Since I had time to blog!

I don't think I've ever paid enough attention to how full and busy my life actually is!

Between kids and work and home and husband, I've got a nicely filled in schedule, not that I'm complaining, not one bit. I love having so much purpose and so many blessings filling up my life, but sometimes, well, often, I crave some "me" time. Such is the life of a mother eh?

So, right now the kids are both in bed, and Elvis is due home in about 20 minutes, maybe less. The house is freshly cleaned, dinner's in the oven, yummy desserts and appetizers are ready to go, and I have a few minutes of absolute silence to do whatever I want with. I choose blogging!

This blog is so valuable in helping me sort through my own head and making sense of what I find there, I think I'd be truly lost without an outlet for my thoughts and feelings.

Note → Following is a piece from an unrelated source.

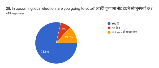 This shows that rather than being cynical about Nepal’s democracy, they see it as a way to bring change in the future. The response is a relatively high figure for political engagement compared to what young voters say elsewhere in South Asia and the world.

So, what am I feeling you ask? I'll tell you!

I'm feeling hopeful, overjoyed, in love, contented, excited and blessed!

Big change from just a little more then half a year ago!

I'm feeling in awe too.

In awe of how good God is to me.

How faithful He is.

How dependable He is.

And also, in awe of the power of prayer, and of trust, and of faith.

Through prayer and trust and faith and reliance on God, I've made it through indescribable lows in my life. It didn't change the lows, they happened just the same, but I made it through them, where without all those things, I'm not sure I could have.

On top of all the other warm and fuzzy emotions I'm feeling tonight, I'm feeling grateful!

But, back to hopeful for a moment, and you'll have to excuse me for being vague, but I have to for now. But I feel a sort of hope and excitement I haven't felt in a few years now. It's a nervous anticipation, it's joyful, it's dreamy and it consumes me, it's absolutely fantastic to feel this way again! I feel lit up and inspired and maybe even younger and more innocent, if that's possible, maybe I just feel reminiscent of young and innocent, it feels good just the same.

My time may be precious and limited, but my life is good, the rebuild is still going strong and God continues to amaze me with his support and love and the blessings he pours out on us each day.

I'll be back, as soon as time allows!

Katie

1 comments:

Blue-Eyed Mystery said...

I love your positive look on life. It's inspiring.